Politics

Speechwriters of Passages

Ah, the life of a writer!  I subscribe to the Atlantic Monthly so I can see the style of the articles so I can get a sense of how I can contribute but then I am too busy to read it and the magazines pile up on my coffee table.  Until finally, back in August, they came out with the one issue I could not overlook, the inevitable one at the end of the seventh year of an eight-year Presidency explaining where it went wrong.  So much promise, so few results; such big dreams, such a rude awakening: you know the drill.  Like a car crash, you know you don’t want to see it, but you have to look anyway.

After slogging through a tortuous analysis of Karl Rove’s supposed fantasies, purported theories, ostensible approaches and putative failures, I had had enough speculative pseudo-analysis to last me for a couple of lifetimes.  Just when I was ready to toss the Atlantic into the Atlantic (a luxury we Miamians can indulge), I came across one of the most riveting political stories of my lifetime.  Riveting for a writer, anyway.

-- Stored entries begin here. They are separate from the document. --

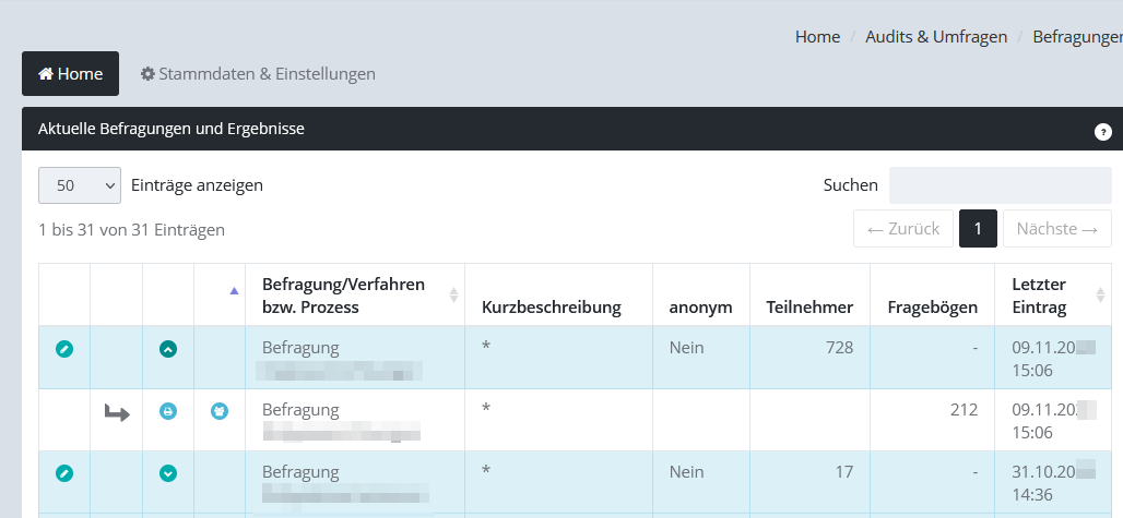 Die Befragungs-Homepage zeigt die aktuellen Befragungen und darunter eingerückt die einzelnen Prozessschritte an, sowie die wichtigsten Daten zum Rücklauf.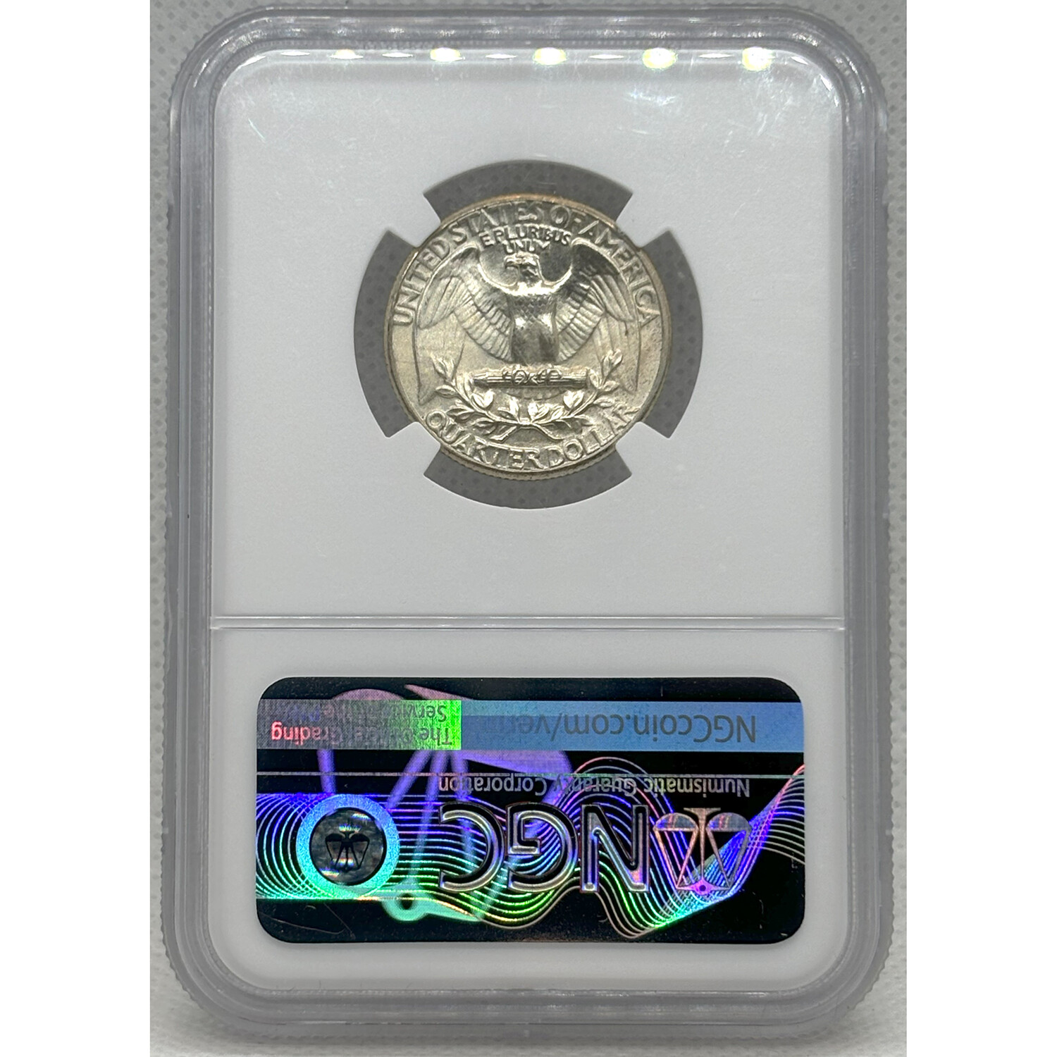 This Washington Quarter is graded by NGC in Mint State 66. The NGC encapsulation guarantees the coin’s MS-66 condition.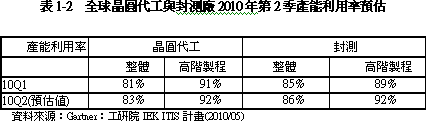 在IC制造業(yè)部分,預(yù)估2010Q2漸步入季節(jié)性需求上升期,配合產(chǎn)能逐步開出,臺(tái)灣IC制造業(yè)可望呈現(xiàn)價(jià)量齊揚(yáng)的階段,帶動(dòng)臺(tái)灣IC制造業(yè)產(chǎn)值上揚(yáng),預(yù)估可較2010Q1成長(zhǎng)6.6%,并較去年同期成長(zhǎng)47.6%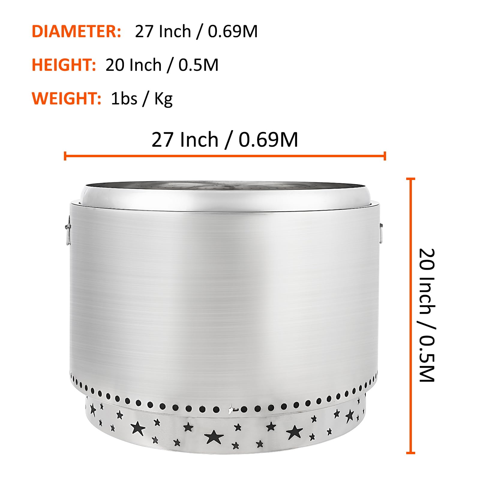 Garvee 27" Smokeless Fire Pit with Air Switch - Portable Stainless Steel Firepit with Handle, Fixed Stand, Stove Hook & Ash Pan for Camping & Patio
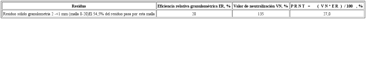 Para valorar de forma conjunta estos dos factores, la pureza química y el tamaño de partícula, se utiliza un parámetro denominado Poder Relativo de Neutralización Total (PRNT). Este valor indica la cantidad de material que reaccionará en los primeros tres meses 17 y se calcula de acuerdo a la ecuación 1.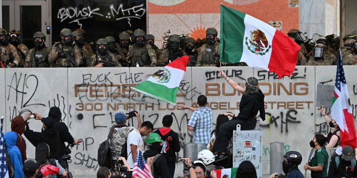 Jim Cason y David Brooks | Foto Afp | La Jornada |11 de junio de 2025 07:24| Washington y Nueva York. La secretaria de Seguridad Interna, Kristi Noem, condenó a la presidenta Claudia Sheinbaum, a quien acusó de alentar más acciones de protestas violentas en Los Ángeles, mientras aliados del mandatario Donald Trump fomentan más ataques contra la gobernante mexicana. “Claudia Sheinbaum salió para alentar más protestas en Los Ángeles y la condeno por eso… No debería estar alentando las protestas violentas que ocurren”, declaró Noem al lado de Trump en…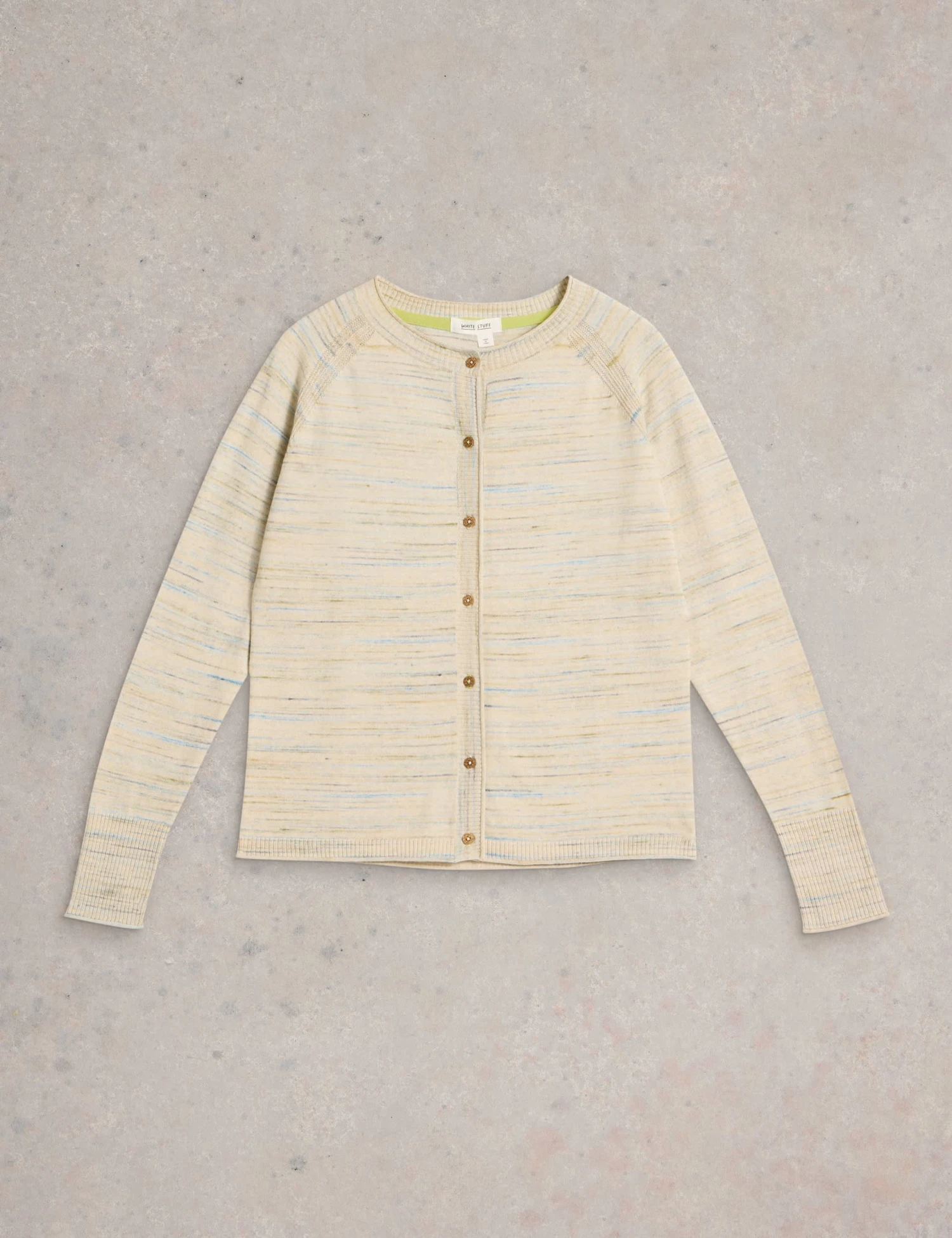 With its space-dyed knit, this White Stuff cardigan is perfect for bringing a touch of texture and colour to your look. It’s made from pure cotton to a flattering regular fit, with a crew neckline and ribbed trims creating a flattering silhouette. The contrast buttons through the front and knitted detailing on the raglan sleeves add extra flair.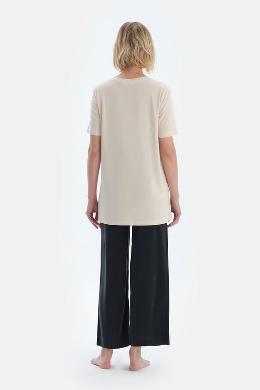 Ekru Bisiklet Yaka Modal Hamile Tişört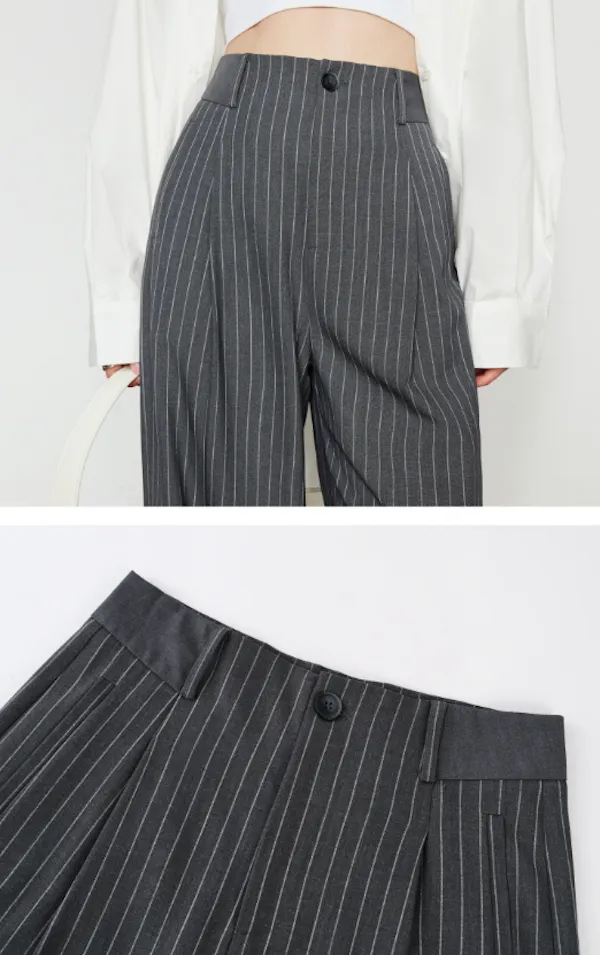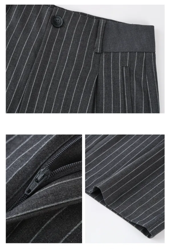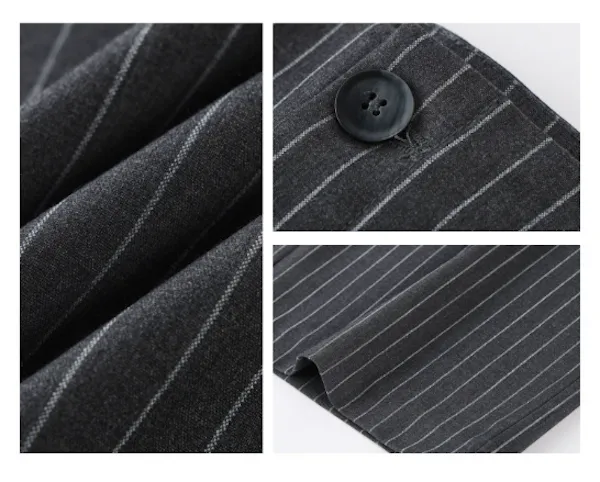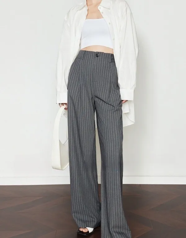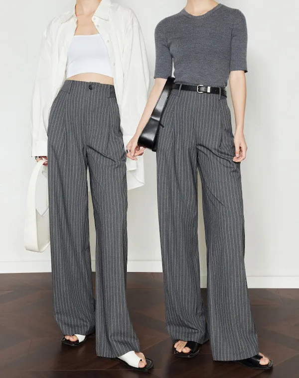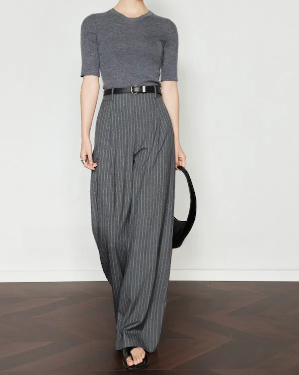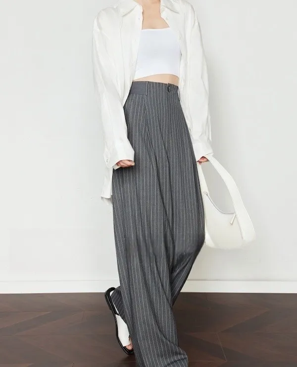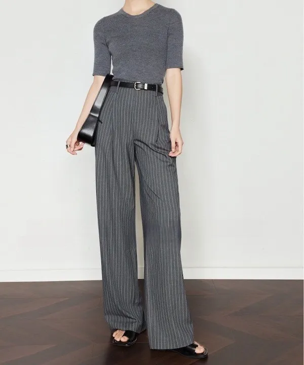 經典的細直條紋,灰色調很有質感也很顯瘦

In a remarkable piece, former White House speechwriter Matthew Scully takes also-former White House head speechwriter Michael Gerson to task for hogging the limelight.  Phrases that Gerson has taken credit for, or at least accepted credit for, turn out to be the work product of a third member of the team, a guy too self-effacing to either claim authorship or complain about Gerson’s grandstanding, John McConnell.  Scully maintains that the computer records of the White House are so thoroughly logged and cataloged that it can be determined by historians that his version is accurate.  Peter Wehner wrote a strong rebuttal in National Review, and there the matter rests, uneasily.

This story has been percolating in my mind ever since, but the other day I was prompted to see the solution.  I got a call offering me a nice paycheck for ghostwriting a man’s life story on condition no one would ever know I was involved.  No problem, I said.  I’ll take the cash and you’ll take the credit.  Then suddenly it hit me: this is what speechwriting is meant to be.  You must learn to disappear.  The officeholder is speaking those words; they are his heart; they are his message; thus, they are his words, every one of them, no one else’s.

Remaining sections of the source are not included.